The wines and alcoholic beverage industry as a whole is just a huge marketing contraption, capable of churning brand after brand. It has recently been shown that the pricier the bottle and the fancier the label, the more we end up enjoying it. We have been conditioned to believe that the more we pay for a bottle of wine, it will only have to taste better; of course this is our fault from the beginning, because we are not wine experts – the price we pay for the wine is our only proxy.

Dr Rangel came to this conclusion by scanning the brains of 20 volunteers while giving them sips of wine. He used a trick called functional magnetic-resonance imaging, which can detect changes in the blood flow in parts of the brain that correspond to increased mental activity. He looked in particular at the activity of the medial orbitofrontal cortex. This is an area of the brain that previous experiments have shown is responsible for registering pleasant experiences.

Dr Rangel gave his volunteers sips of what he said were five different wines made from cabernet sauvignon grapes, priced at between $5 and $90 a bottle. He told each of them the price of the wine in question as he did so. Except, of course, that he was fibbing. He actually used only three wines. He served up two of them twice at different prices.

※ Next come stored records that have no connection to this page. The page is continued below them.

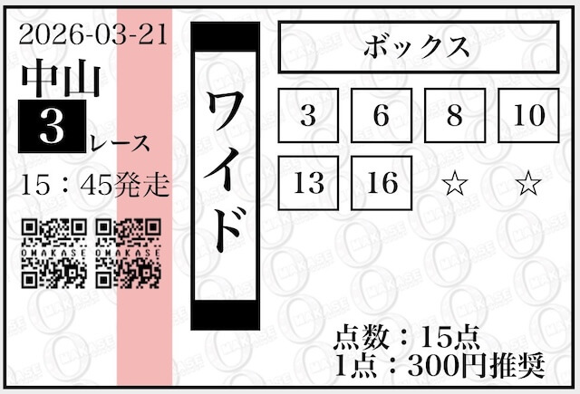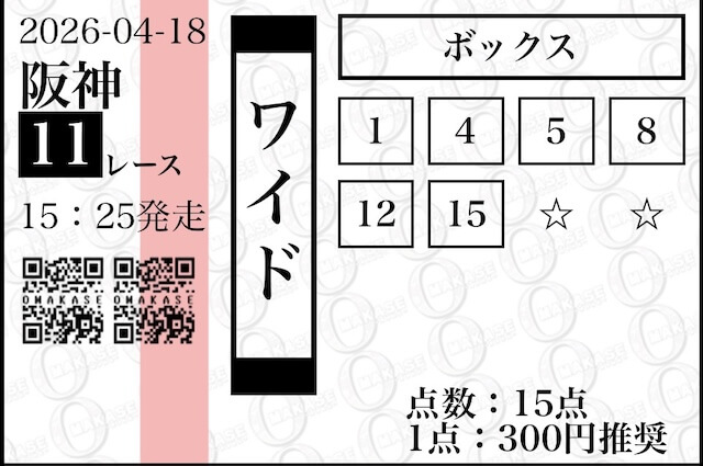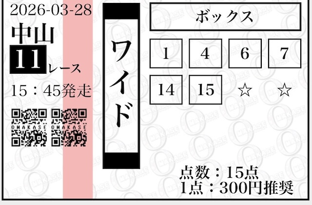 OMAKASEが公開している無料予想の券種はワイド。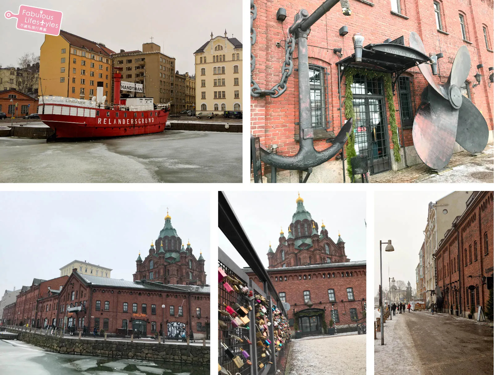 As you walk from Helsinki Cathedral to Uspenski Cathedral, you'll pass by the North Harbour. A striking red ship docked at the shore might catch your eye—it's actually a lovely cafe called Relandersgrund Cafe! Also at the harbor is a highly-rated Finnish restaurant, Ravintola Nokka, featuring a massive propeller and anchor outside, which is super unique! While this side of the harbor might not have the biggest tourist attractions, the row of European-style buildings along the shore is gorgeous. There's also a Love Lock Bridge at the foot of the hill leading to Uspenski Cathedral. Definitely take a moment to admire the views as you pass by!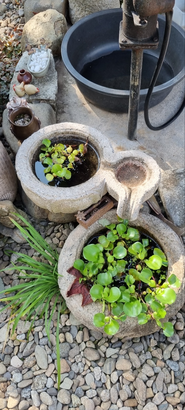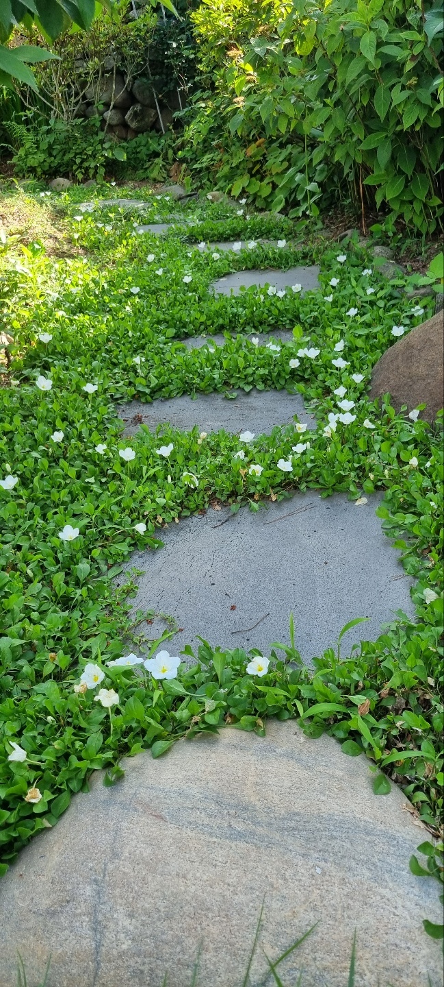 마당 한 쪽 산책 길에 들여 온 냥이와 순이는 함께 노니 이것이 평화로세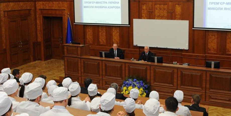 Премьер-министру Украины Николаю Азарову вручили награду почетного профессора Национального медицинского университета имени Богомольца.
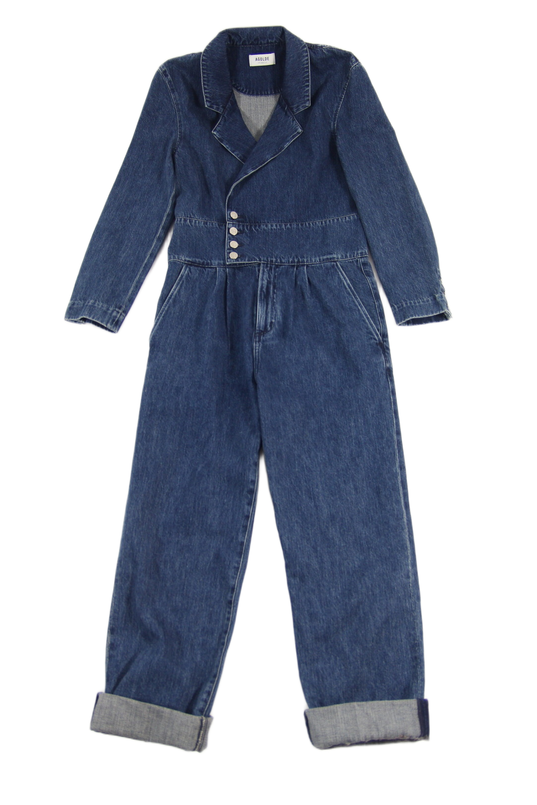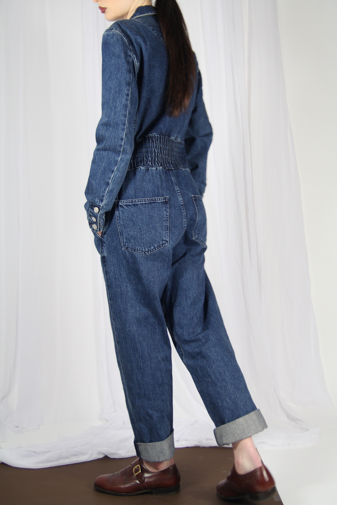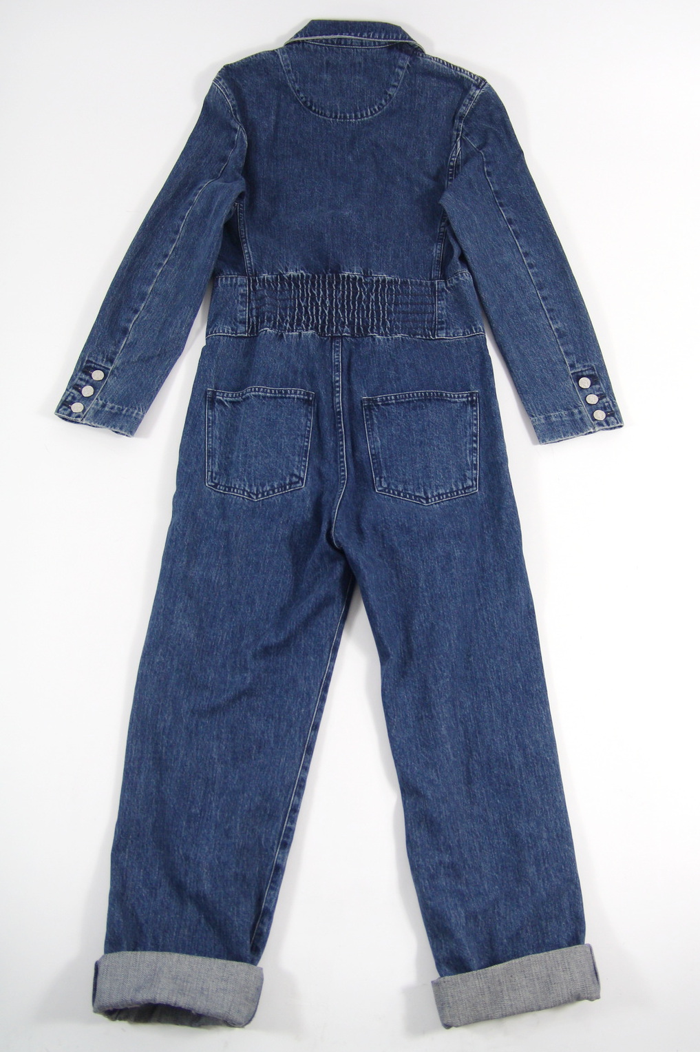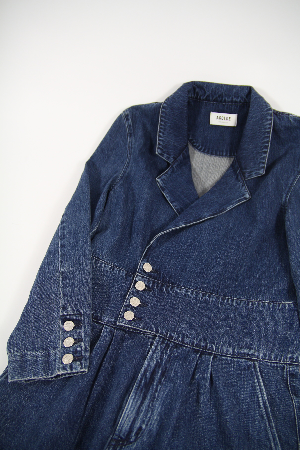 Salopeta Agolde pre-loved din denim, croi lejer, cu guler, talie cu betelie lata si pliuri, inchidere frontala si la maneci cu nasturi metalici in partea de sus si fermoar in partea de jos, elastic la spate.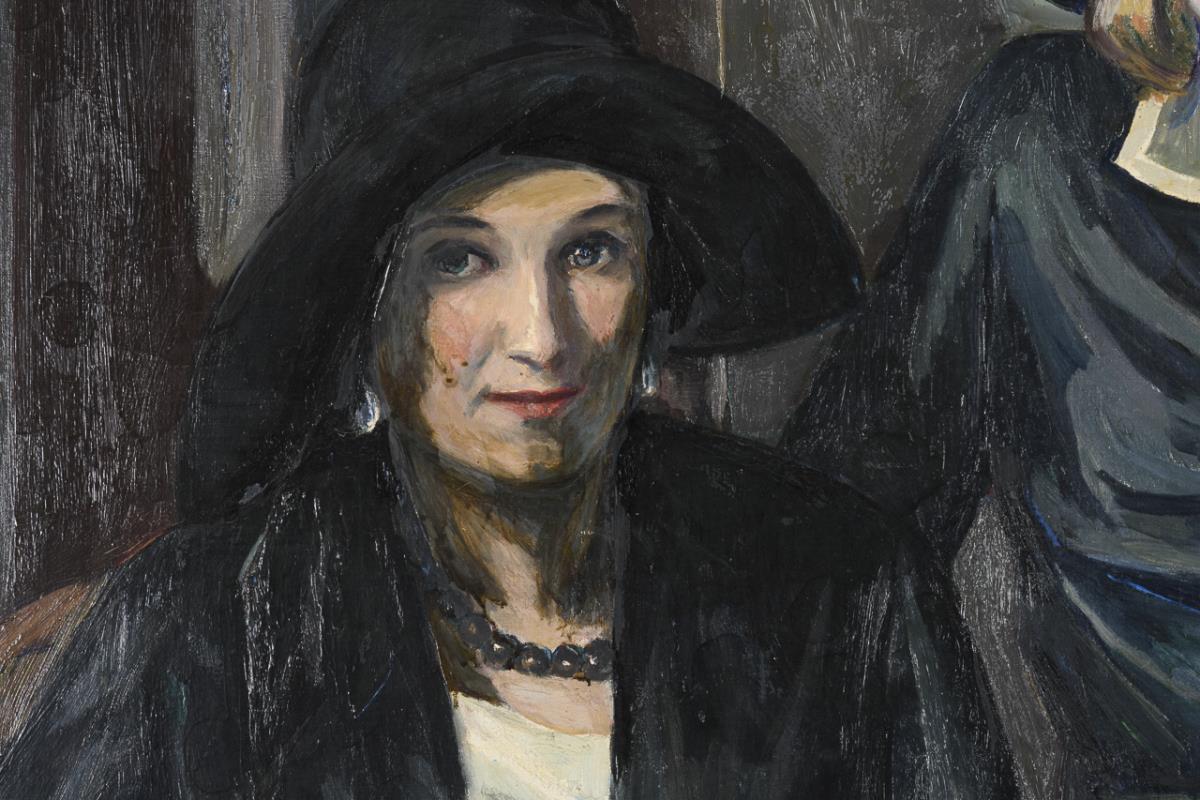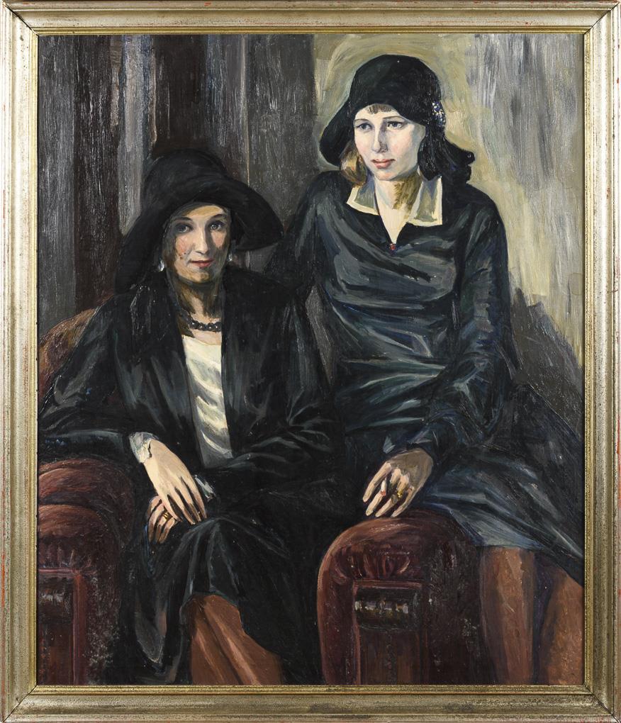 Large format portrait of two ladies in dark clothes with cigarette on an armchair. Slight signs of age.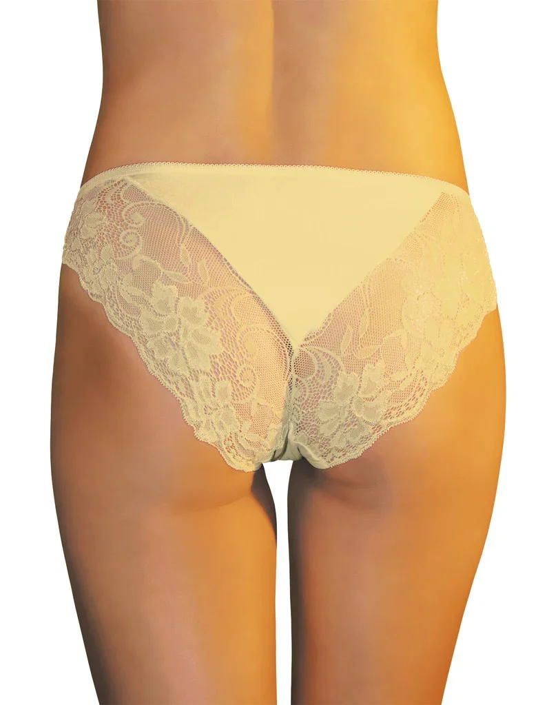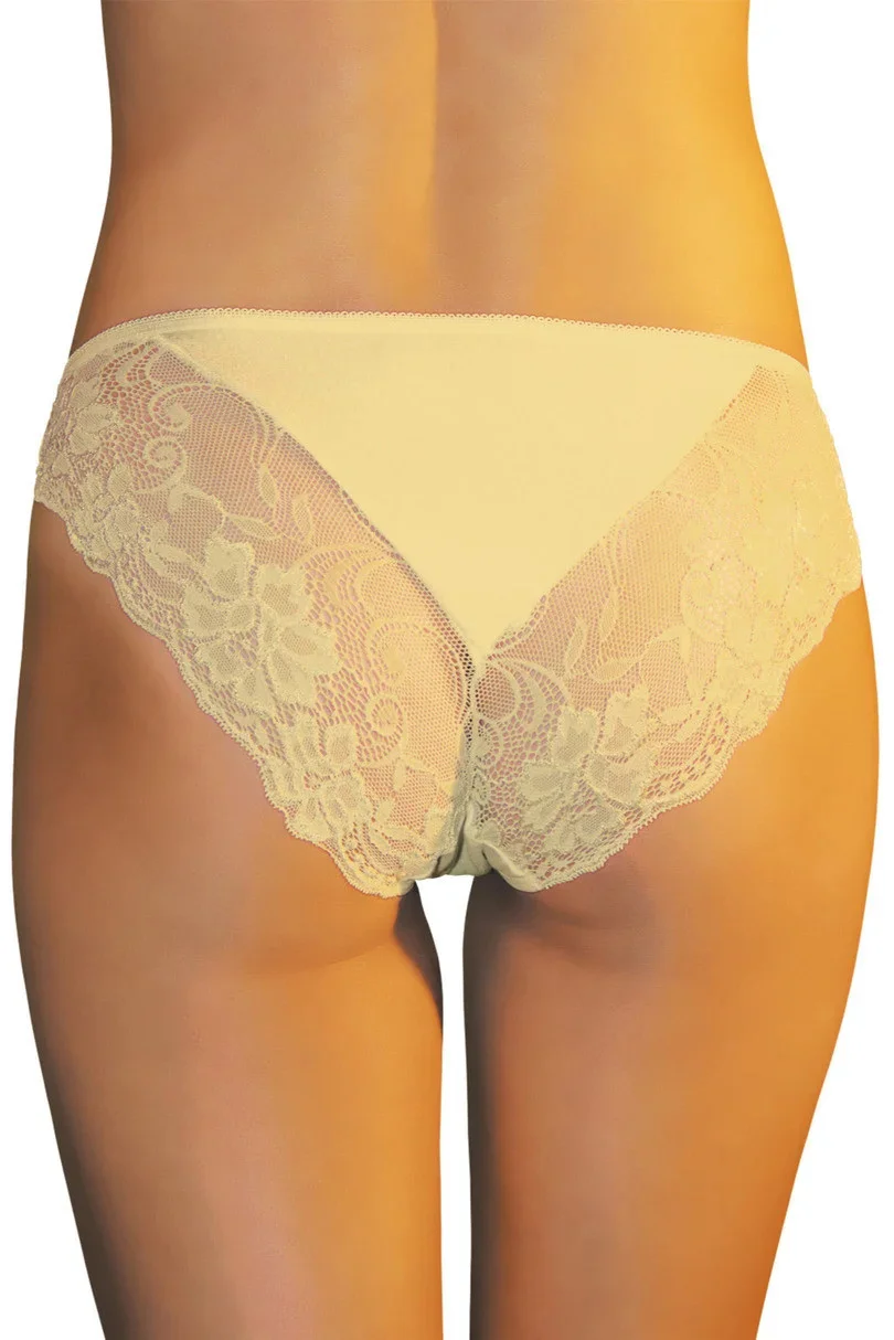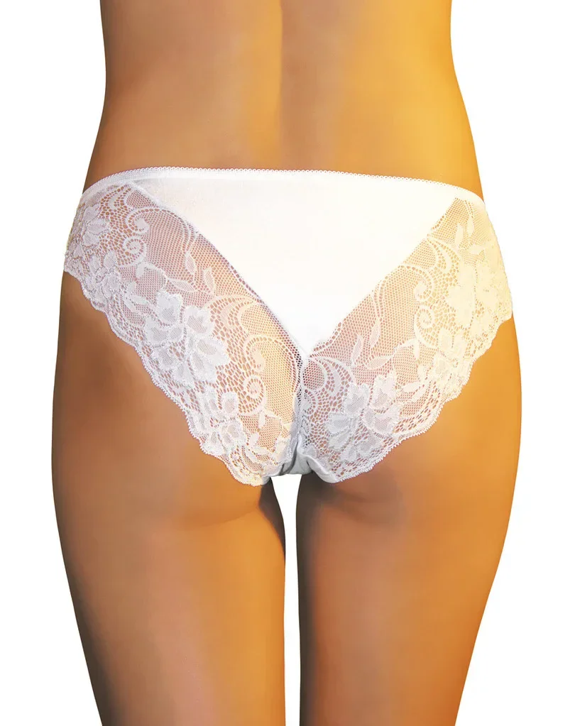 Dámské kalhotky z kvalitní bavlny (95%) a elastanu. Na pozadí je ažurová kPunčochové kalhotya s květovaným motivem.

What is the truth?The scanner showed that the activity of the medial orbitofrontal cortices of the volunteers increased in line with the stated price of the wine. For example, when one of the wines was said to cost $10 a bottle it was rated less than half as good as when people were told it cost $90 a bottle, its true retail price. Moreover, when the team carried out a follow-up blind tasting without price information they got different results. The volunteers reported differences between the three “real” wines but not between the same wines when served twice.

via The Economist

By the way, wines are not the only things the marketing machine turned more expensive. We significantly overpay for bottled water, coffee, diamonds, weddings (etc). What else is there?